*** Begin section ***

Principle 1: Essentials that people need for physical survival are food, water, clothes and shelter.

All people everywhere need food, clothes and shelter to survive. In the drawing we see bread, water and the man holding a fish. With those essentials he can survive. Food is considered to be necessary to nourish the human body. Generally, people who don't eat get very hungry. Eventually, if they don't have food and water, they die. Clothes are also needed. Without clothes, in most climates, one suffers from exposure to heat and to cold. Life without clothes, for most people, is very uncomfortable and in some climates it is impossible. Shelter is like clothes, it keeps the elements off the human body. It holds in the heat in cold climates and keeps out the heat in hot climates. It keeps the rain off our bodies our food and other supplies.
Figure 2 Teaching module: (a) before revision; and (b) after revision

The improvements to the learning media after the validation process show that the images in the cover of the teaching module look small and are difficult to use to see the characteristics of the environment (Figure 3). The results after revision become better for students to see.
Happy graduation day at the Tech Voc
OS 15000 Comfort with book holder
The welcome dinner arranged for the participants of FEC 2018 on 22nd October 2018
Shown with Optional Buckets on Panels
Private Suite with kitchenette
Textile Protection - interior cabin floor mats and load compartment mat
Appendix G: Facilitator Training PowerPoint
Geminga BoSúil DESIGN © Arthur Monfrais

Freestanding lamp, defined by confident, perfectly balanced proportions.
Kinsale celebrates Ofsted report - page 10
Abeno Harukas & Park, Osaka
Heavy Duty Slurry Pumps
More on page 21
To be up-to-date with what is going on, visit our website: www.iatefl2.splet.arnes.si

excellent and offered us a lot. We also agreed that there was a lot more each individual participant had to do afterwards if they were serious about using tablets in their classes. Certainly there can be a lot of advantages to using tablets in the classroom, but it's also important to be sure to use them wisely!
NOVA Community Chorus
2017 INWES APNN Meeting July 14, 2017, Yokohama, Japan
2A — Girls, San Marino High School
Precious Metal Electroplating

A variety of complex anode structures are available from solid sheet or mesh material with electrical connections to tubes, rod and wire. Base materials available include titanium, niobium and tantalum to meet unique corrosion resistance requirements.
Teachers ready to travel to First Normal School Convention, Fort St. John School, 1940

*** End section ***

*Assigned task*. Copy out, from the data above, every line holding the word "module".

*Answer section*.
Figure 2 Teaching module: (a) before revision; and (b) after revision
The improvements to the learning media after the validation process show that the images in the cover of the teaching module look small and are difficult to use to see the characteristics of the environment (Figure 3). The results after revision become better for students to see.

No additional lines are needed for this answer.